A Guide for Buddhists during the Buddhist Lent :: Dhammakaya Foundation & Wat Phra Dhammakaya : World Peace through Inner Peace using Meditation Practice  
 

 

A Guide for Buddhists during the Buddhist Lent
Translated by Dhammakaya Translation Center

During the Buddhist Lent, it is customary for senior monks and newly ordained monks to be present together and dwell at the same temple. This is also a propitious time for faithful temple supporters as well. Since ancient time, venerable monks would not go into Buddhist Lent alone, but would be accompanied by the supporters who would commit to their own Lent as well. However, the laypeople’s Lent is carried out by making ‘resolutions.’

The three key moral principles in Buddhism are:

  1. Abstain from bad deeds
  2. Perform wholesome deeds
  3. Purify the mind

When venerable monks enter Lent, they have the responsibility to continue their cultivation of these three moral principles. However, abstention from bad deeds for monks does not merely mean to only refrain from coarse forms of unwholesome deeds, but to eliminate defilements altogether. Defilements, through the eyes of the outside world, may not necessarily be perceived as bad or terrible things. For example, when a monk is distracted, it is a distraction arising in his mind and not something that others can see. Even if that were the case, he will strive to remove the distraction by persevering in the practice of meditation. He will endeavor to eliminate the defilements, or the refined unwholesome deeds, in a manner that is proper for a monk.

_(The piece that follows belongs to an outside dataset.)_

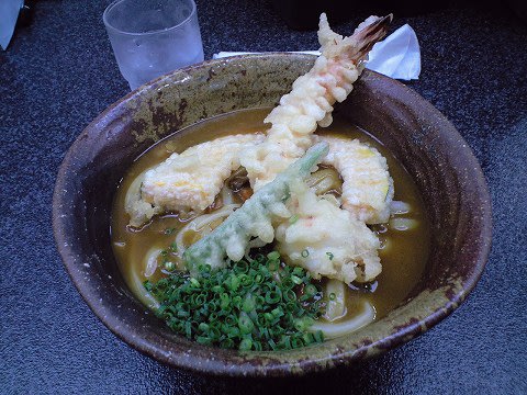 ここはカレーうどんで有名なお店です。 実はこのお店、高松の"夜うどん"という習慣を象徴するようなお店で、なんと開店が夜8時なんです。そういうわけで、この時間までぶらぶらと時間をつぶしていたわけで...(^^;) うどんファン御用達の一杯"カレーうどん"は、ほんのりとした甘さを感じつつも、後味はカレーらしくピリっとしたもの。のど越し抜群の麺とあいまって食が進みます。

The phrase “to perform wholesome deeds” for monks means the continued effort to perform ever more virtuous deeds. For instance, now that they’re residing together at the same temple, the senior monks should teach and mentor the new monks; and the new monks should concentrate on studying to increase more Dhamma knowledge and virtues within themselves, while continuing to purify their mind. They should persist in their effort to rise at dawn to perform the morning chanting and meditate.

Since ancient time, when the first day of the Buddhist Lent arrives, most Buddhists would take the opportunity to make their own resolutions to cease doing bad deeds, coarse or refined. The laypeople will try to mirror the good examples of the monks as much as possible. They may resolve that ‘during the three months of Lent, I will try to rectify the bad habits that I have (choose at least one).’ In another example, those who used to drink may declare, “During this Lent, I resolve to quit drinking alcohol entirely.” For others, it may be a resolve to stop smoking during the Buddhist Lent.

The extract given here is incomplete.